У меня в этом смысле с прогнозами все ровно было. Я не сомневался, что это будет тяжелая и сложная война, без которой России нельзя было обойтись, потому что иначе нас не то что как страны, но и как цивилизации не станет.
А прогнозы… У меня есть любимый афоризм Виктора Черномырдина: «Жить мы будем плохо, но недолго». Вот такой у меня прогноз. А вообще все хорошо будет.
- Я имею в виду, ваши прогнозы о самом ходе боевых действий.
— А я о ходе боевых действий и говорю. Украину на протяжении восьми лет прокачивают лучшие инструктора с большими технологиями и за большие деньги. Я хочу подчеркнуть, что у них были планы не обороны от России, а планы наступления на Донбасс и Крым. Почему это все должно было завершиться за полтора дня? К сожалению, в тех обстоятельствах, в которых мы оказались через восемь лет после Майдана, не было других вариантов развития событий. Наверное, могли бы быть и худшие варианты, но пока мы сумели их избежать.

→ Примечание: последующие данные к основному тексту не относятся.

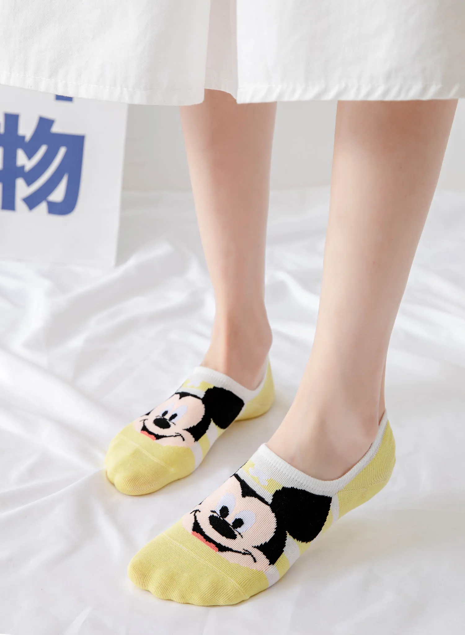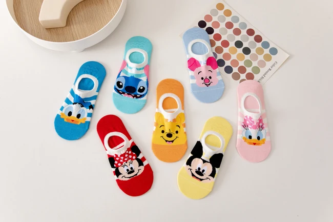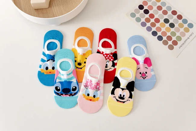 5 pairs Cotton woman sock Mickey Minnie Winnie Daisy Cartoon girl slipper sock Funny Cute Non-slip silicone invisible ankle sock

- Просто мы привыкаем к определенным стереотипам, что Украина — это коррумпированная страна, которая разбазарила все советское наследство, и что она не может ничего создать в плане военной угрозы. Как ей это удалось?
— На самом деле все так и есть. Давайте, я вам расскажу, как выглядит линия фронта.
Мы заезжаем в зону боевых действий. Первое, что мы наблюдаем — три категории дронов. Первая категория — это здоровенные дроны, которые наводят артиллерию на наши позиции в онлайн-режиме. Вторые — маленькие полуигрушечные, которых использует пехота, чтобы из-за угла посмотреть и не рисковать. Третьи — боевые дроны, которые взлетают, несут мины и поражающие элементы, а за ними работают станции электронной разведки.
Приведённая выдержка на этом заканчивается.